What you have to do | Leave out every picture and set down, exactly, the lines below from the one holding "A boxful of" up to and including the one holding "À deux pas du".

Data extracts |
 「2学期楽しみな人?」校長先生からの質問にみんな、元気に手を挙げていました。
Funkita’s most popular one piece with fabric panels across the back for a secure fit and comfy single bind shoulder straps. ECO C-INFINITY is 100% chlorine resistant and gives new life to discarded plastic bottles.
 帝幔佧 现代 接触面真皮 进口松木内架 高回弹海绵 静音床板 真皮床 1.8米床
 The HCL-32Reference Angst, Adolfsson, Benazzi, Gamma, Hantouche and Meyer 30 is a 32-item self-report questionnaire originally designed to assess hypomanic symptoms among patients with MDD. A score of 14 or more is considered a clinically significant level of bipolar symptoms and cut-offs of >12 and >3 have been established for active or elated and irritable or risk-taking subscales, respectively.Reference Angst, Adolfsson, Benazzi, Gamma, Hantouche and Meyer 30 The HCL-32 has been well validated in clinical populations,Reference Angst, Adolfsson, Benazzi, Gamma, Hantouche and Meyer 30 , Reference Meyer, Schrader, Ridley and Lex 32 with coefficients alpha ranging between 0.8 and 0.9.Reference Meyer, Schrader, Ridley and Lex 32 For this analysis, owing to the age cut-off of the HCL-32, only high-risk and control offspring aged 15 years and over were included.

...

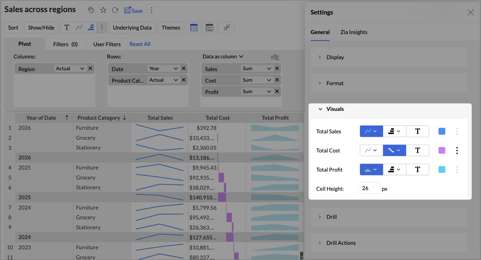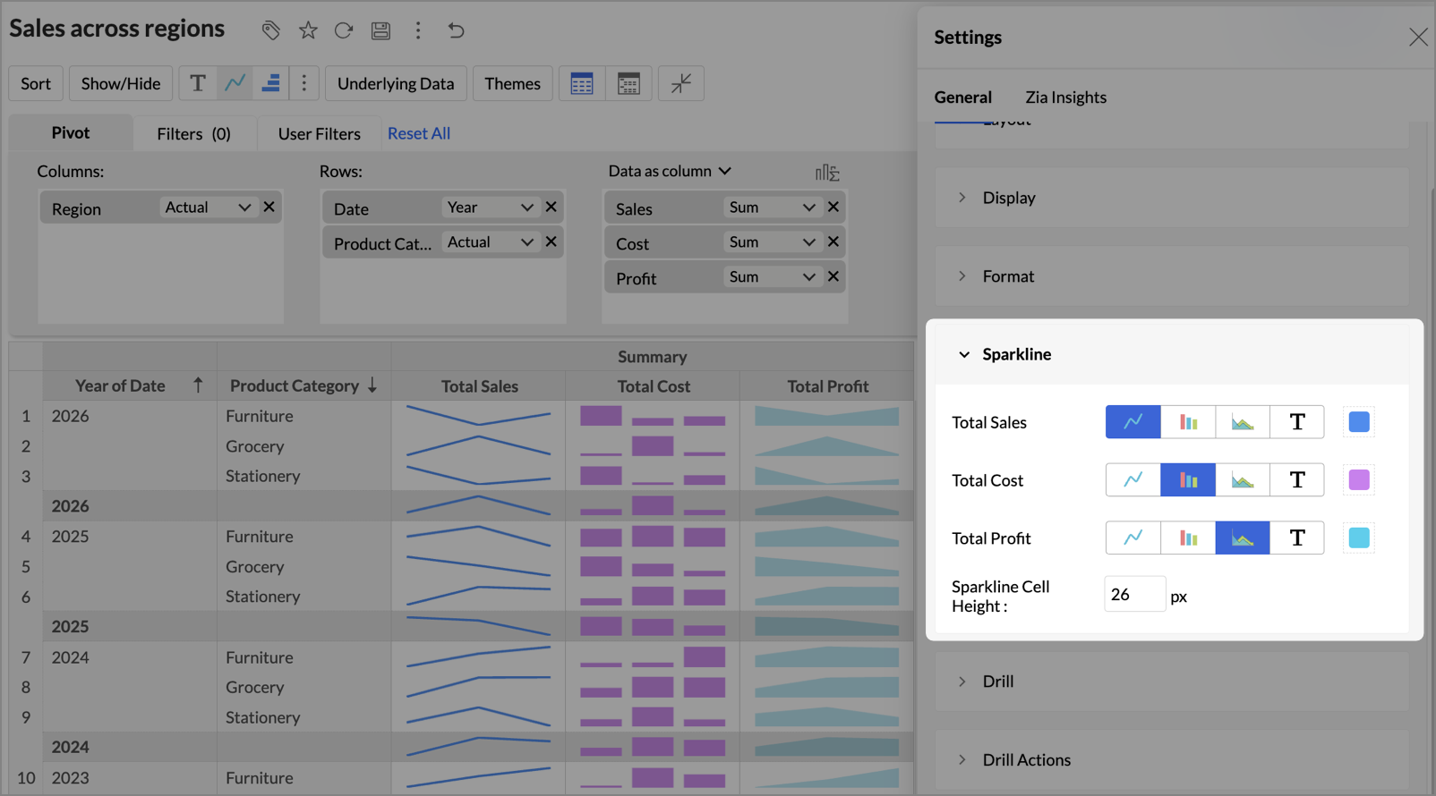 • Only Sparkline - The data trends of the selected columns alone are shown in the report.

* * *

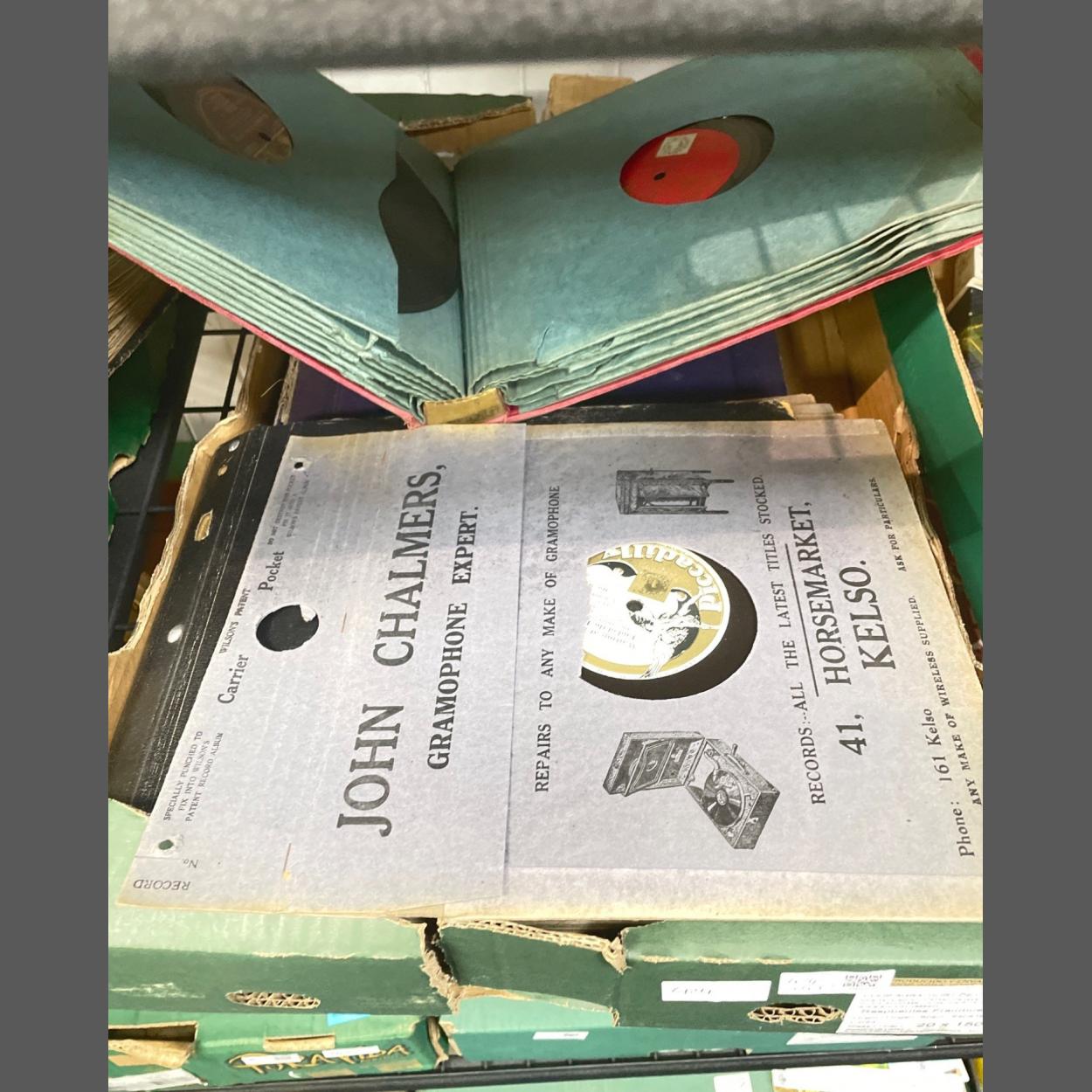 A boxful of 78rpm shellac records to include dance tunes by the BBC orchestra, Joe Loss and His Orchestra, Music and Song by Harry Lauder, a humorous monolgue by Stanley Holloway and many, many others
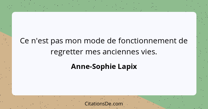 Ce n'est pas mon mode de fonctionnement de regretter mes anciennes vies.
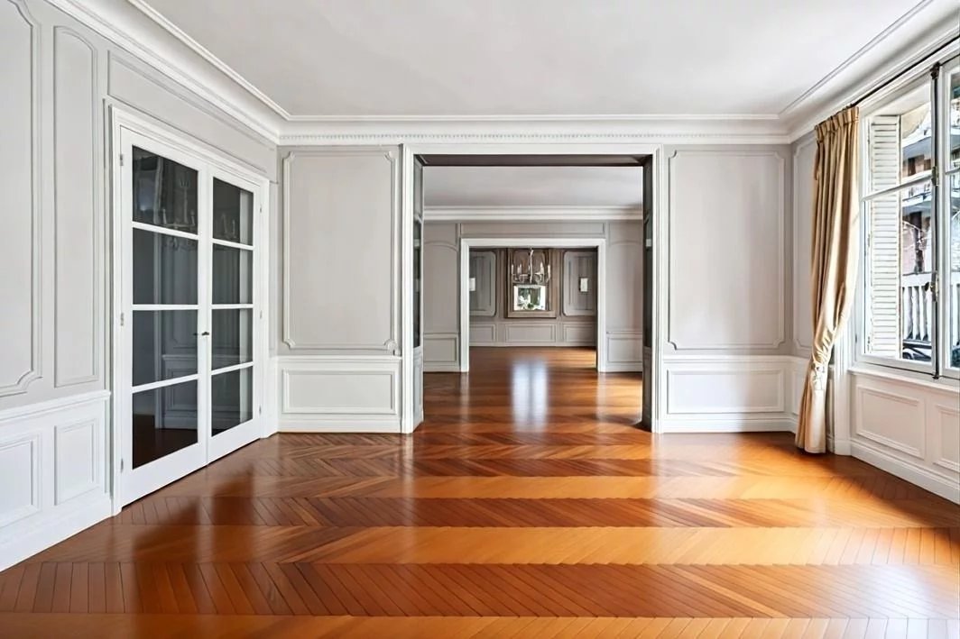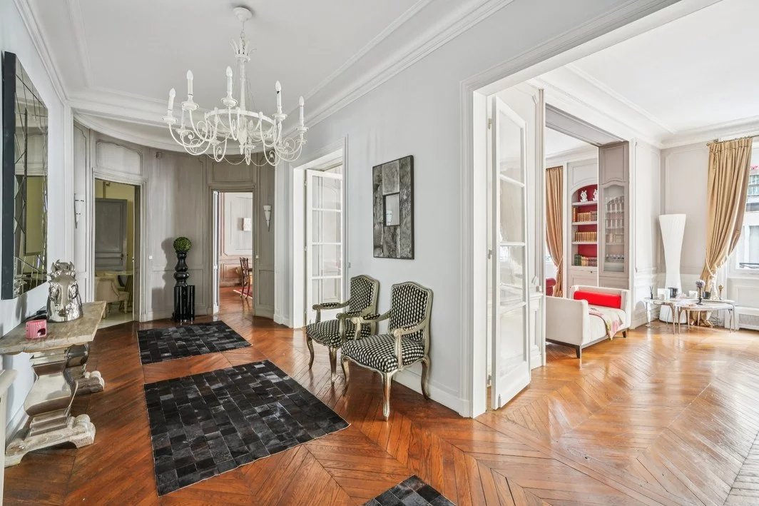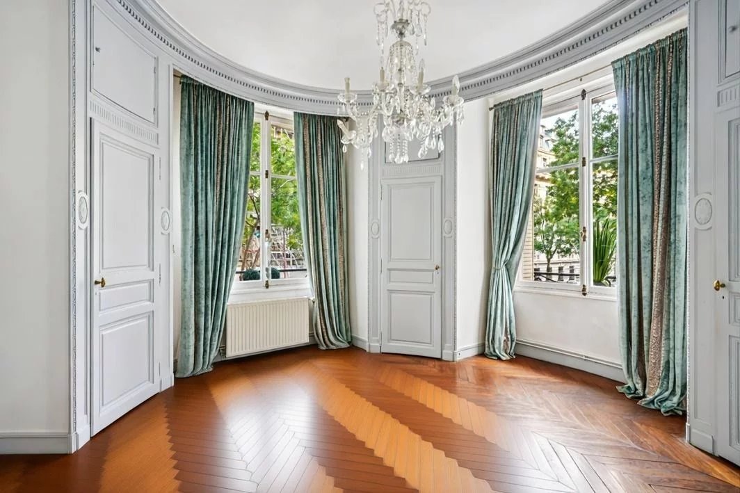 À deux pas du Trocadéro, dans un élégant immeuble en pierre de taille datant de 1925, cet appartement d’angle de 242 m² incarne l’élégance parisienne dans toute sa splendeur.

Written answer |
 A boxful of 78rpm shellac records to include dance tunes by the BBC orchestra, Joe Loss and His Orchestra, Music and Song by Harry Lauder, a humorous monolgue by Stanley Holloway and many, many others
 Ce n'est pas mon mode de fonctionnement de regretter mes anciennes vies.
 À deux pas du Trocadéro, dans un élégant immeuble en pierre de taille datant de 1925, cet appartement d’angle de 242 m² incarne l’élégance parisienne dans toute sa splendeur.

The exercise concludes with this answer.